─── Exercise material

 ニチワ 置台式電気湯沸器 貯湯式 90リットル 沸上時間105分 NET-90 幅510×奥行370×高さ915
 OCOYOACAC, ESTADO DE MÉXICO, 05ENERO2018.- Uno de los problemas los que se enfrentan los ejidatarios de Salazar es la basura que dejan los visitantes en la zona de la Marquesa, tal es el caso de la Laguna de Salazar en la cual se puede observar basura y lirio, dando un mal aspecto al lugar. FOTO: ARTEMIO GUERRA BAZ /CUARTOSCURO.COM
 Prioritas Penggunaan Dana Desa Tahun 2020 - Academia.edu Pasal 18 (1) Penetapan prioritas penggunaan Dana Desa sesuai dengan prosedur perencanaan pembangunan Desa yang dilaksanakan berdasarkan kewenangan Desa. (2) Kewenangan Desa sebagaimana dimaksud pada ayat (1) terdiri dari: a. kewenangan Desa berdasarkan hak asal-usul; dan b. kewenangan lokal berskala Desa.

──────
─── Exercise material

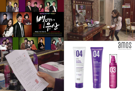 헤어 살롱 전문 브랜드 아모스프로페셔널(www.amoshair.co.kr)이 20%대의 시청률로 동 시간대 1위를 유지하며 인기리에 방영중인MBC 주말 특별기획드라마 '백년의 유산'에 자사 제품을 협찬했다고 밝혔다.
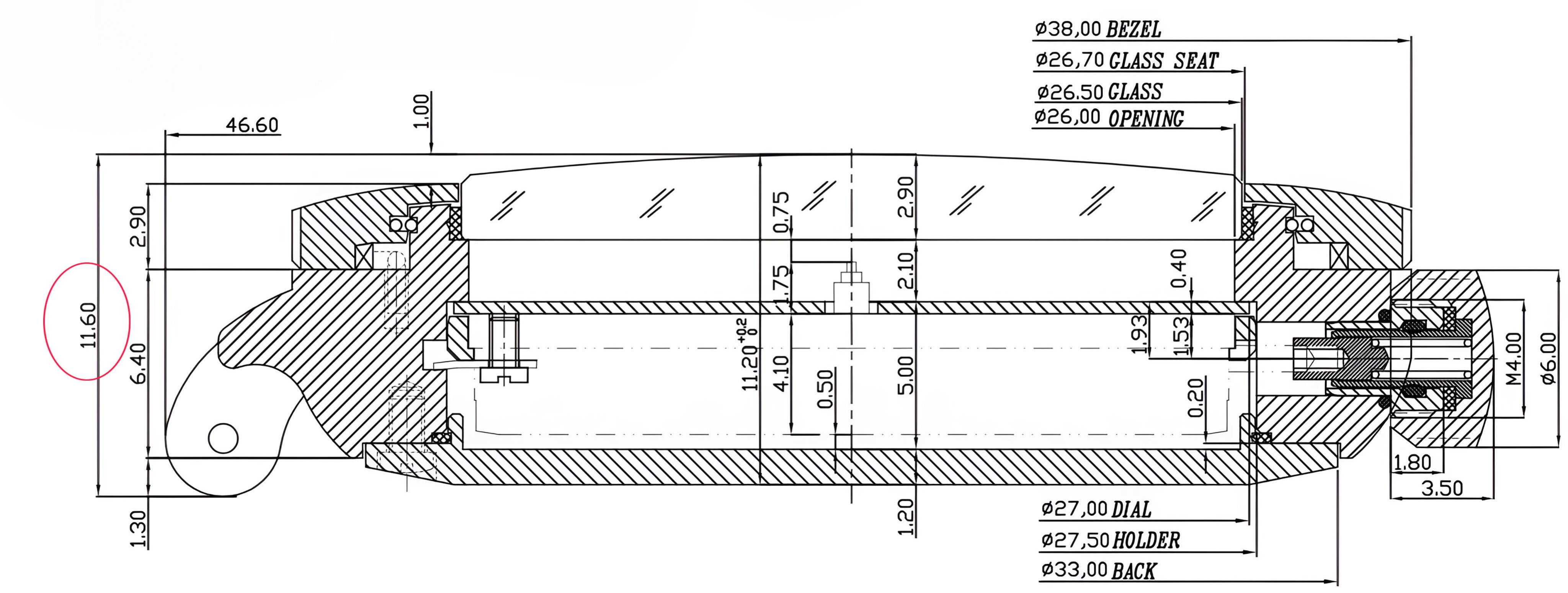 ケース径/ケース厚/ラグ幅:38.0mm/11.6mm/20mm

──────
─── Exercise material

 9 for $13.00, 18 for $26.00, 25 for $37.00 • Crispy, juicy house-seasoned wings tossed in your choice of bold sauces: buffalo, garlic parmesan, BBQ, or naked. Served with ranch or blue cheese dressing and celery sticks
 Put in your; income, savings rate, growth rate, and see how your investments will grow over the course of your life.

──────

*Task goal:*
Copy each line holding the word "your" from the listing above.

*Result of this task:*
 9 for $13.00, 18 for $26.00, 25 for $37.00 • Crispy, juicy house-seasoned wings tossed in your choice of bold sauces: buffalo, garlic parmesan, BBQ, or naked. Served with ranch or blue cheese dressing and celery sticks
 Put in your; income, savings rate, growth rate, and see how your investments will grow over the course of your life.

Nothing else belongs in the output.